Diferenciando Células-Tronco Pluripotentes Humanas Não Transgênicas e Transgênicas em Células Progenitoras Neurais

Pegue uma placa de vários poços revestida com uma matriz extracelular, ou ECM.

Em poços separados, introduza células-tronco pluripotentes humanas não transgênicas e transgênicas, ou hPSCs, em um meio de cultura.

As hPSCs transgênicas carregam um transgene sob um promotor induzível por antibióticos. O transgene codifica um fator de transcrição que induz a diferenciação neural.

Incubar para facilitar a adesão celular ao ECM. Pequenas moléculas no meio impedem a apoptose, promovendo a proliferação celular.

Adicione uma solução de descolamento para dissociar as células; adicione o meio para interromper a dissociação e, em seguida, transfira-os para outra microplaca revestida com ECM para permitir a proliferação celular.

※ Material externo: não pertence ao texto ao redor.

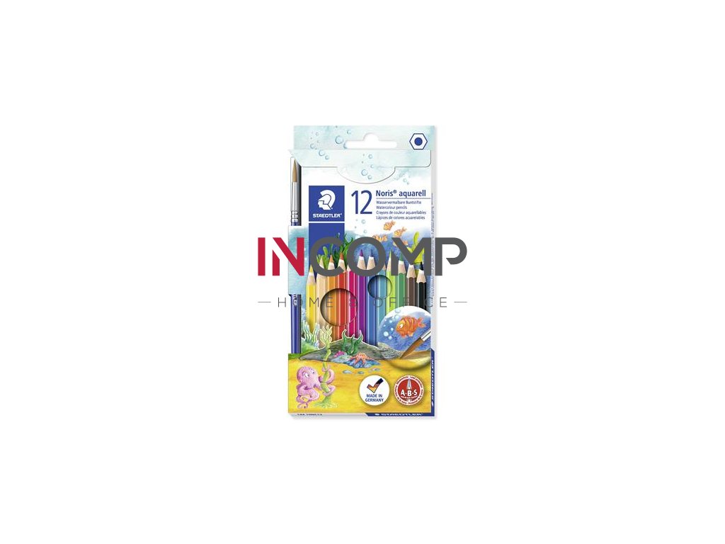 Akvarelové ceruzky, sada, šesťhranné, so štetcom, STAEDTLER "Noris® aquarell 144 10", 12 rôznych farieb
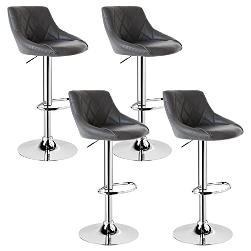 WOLTU 4X Sgabelli da Bar Alta Sedia Girevole Cucina con Schienale Poggiapiedi in Ecopelle Grigio, Regolabile in Altezza 9184-4
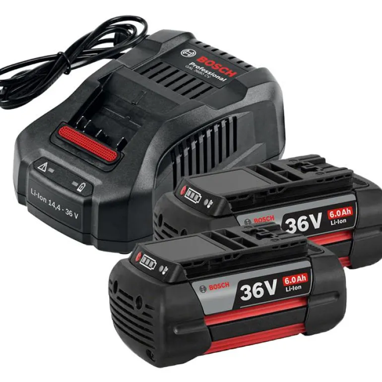 Paketti sisältää Bosch GAL 3680 CV -latauslaitteen sekä kaksi 36V XL 6 Ah:n akkua.
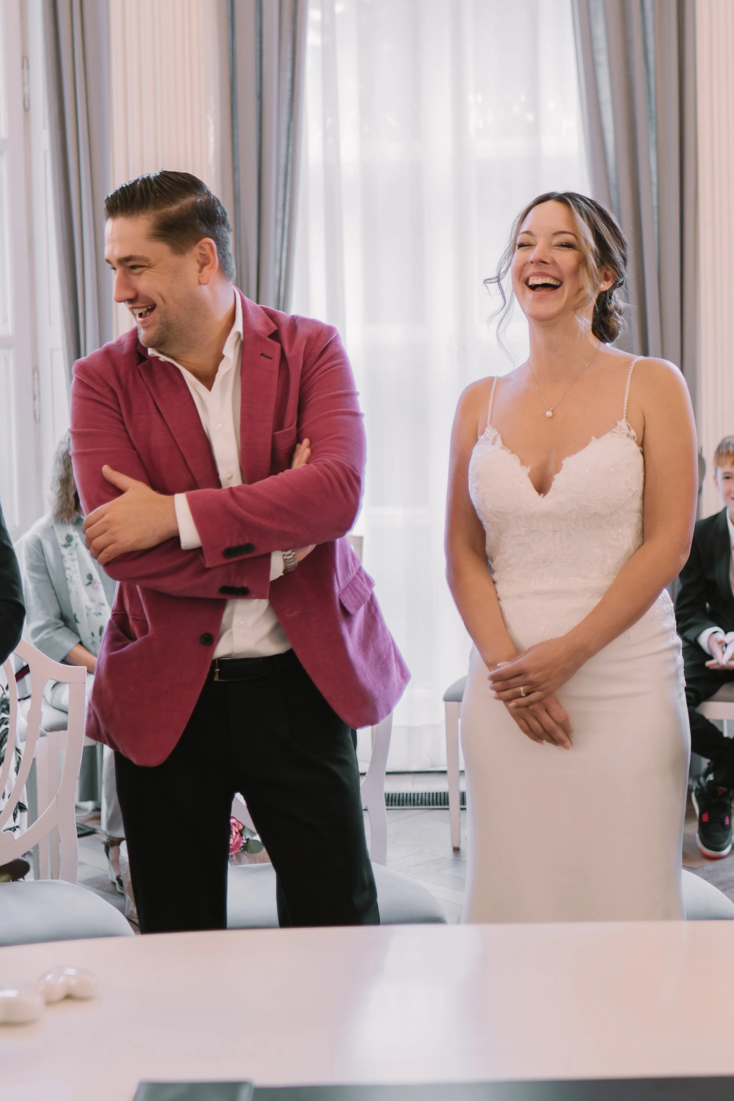 Genau in diesem Moment betrat das Brautpaar den Vorraum. Ich klopfte wie verrückt an die Tür und sie ließen mich rein. Auf die Minute. Ich war völlig außer Atem, aber erleichtert. Ich hatte es geschafft. Und obwohl die Situation stressig war, war es einer der schönsten Momente des Tages, weil ich genau in dem Augenblick da war, als sie sich ansahen und lächelten.
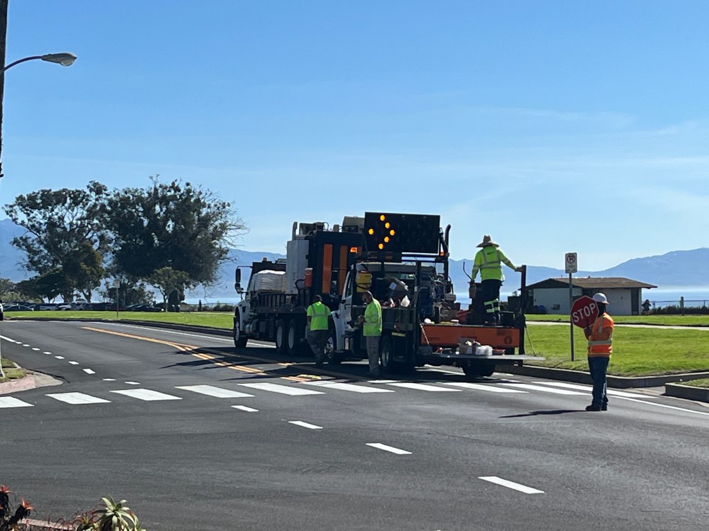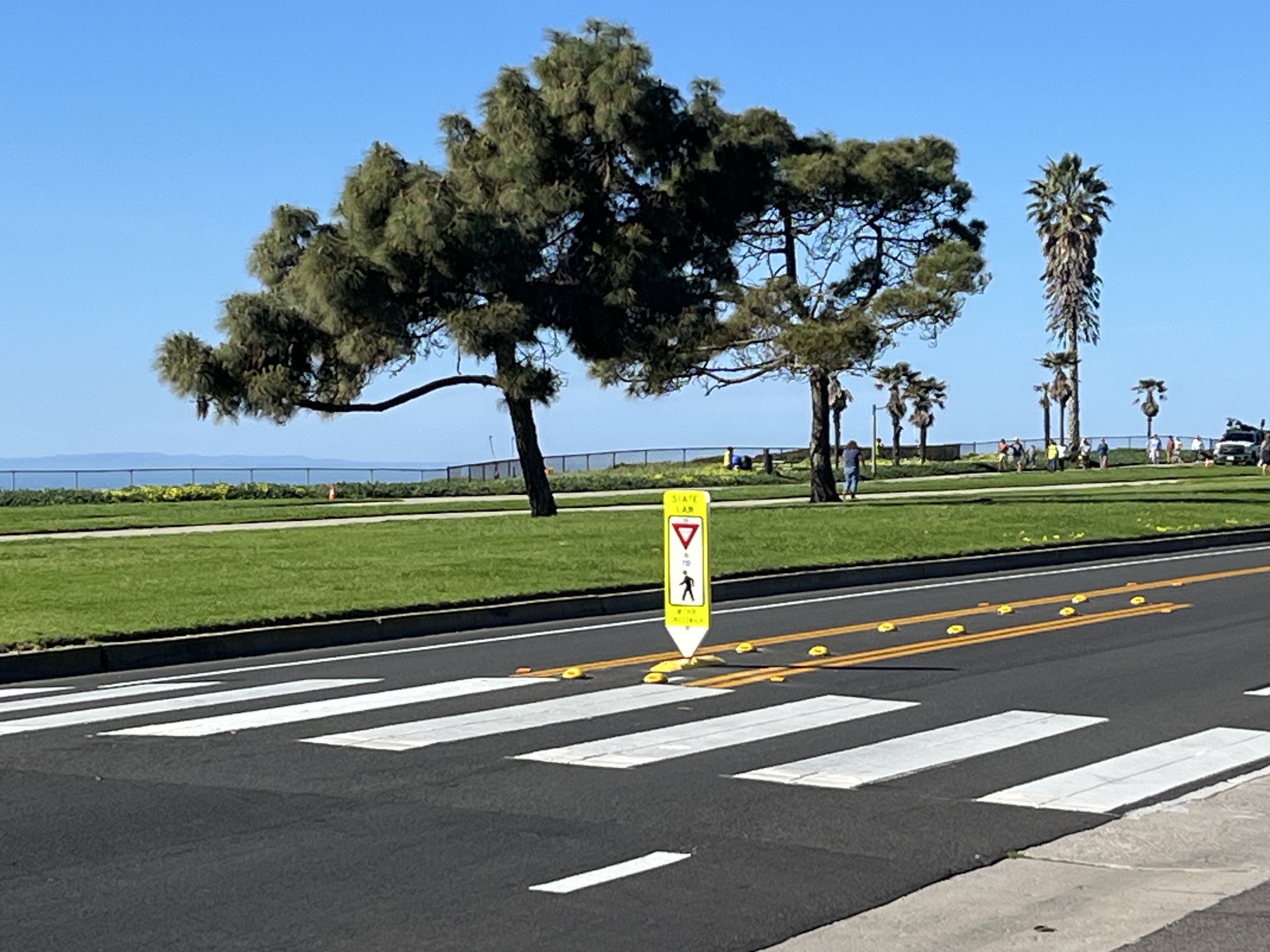 The crosswalk signs finally got installed this morning! The official name is crosswalk pedestrian stanchions lane, aka, squisher striping with the pedestal crosswalk sign in the middle of the street. I requested that they be installed on Shoreline and San Nicolas, Santa Rosa, La Plata, and San Clemente.

Introduzir um meio de diferenciação neural contendo pequenas moléculas nas células não transgênicas e o antibiótico indutor nas células transgênicas.

As pequenas moléculas induzem células não transgênicas a se diferenciarem em células progenitoras neurais ou NPCs. Nas células transgênicas, a expressão induzida por antibióticos do fator de transcrição ativa os genes necessários para a diferenciação em NPCs.

Mantenha os NPCs em cultura para aplicativos downstream.

Para a geração de progenitores e neurônios neuronais não transgênicos, ou hNeurons, consulte os progenitores neurais derivados de hPSC no dia 14 em placas de seis poços revestidas com ECM com 2 mililitros de meio neural e Y27632 por poço.

Se estiver trabalhando com iNeurons induzíveis por doxiciclina, adicione meio neural contendo doxiciclina quando as células estiverem cerca de 35% confluentes para induzir a diferenciação e ativar a expressão gênica. Após dois dias, alimente linhagens transgênicas e não transgênicas com 2 mililitros de meios neurais por poço por dia. Continue até que as células estejam prontas para se levantar a 70% de confluência.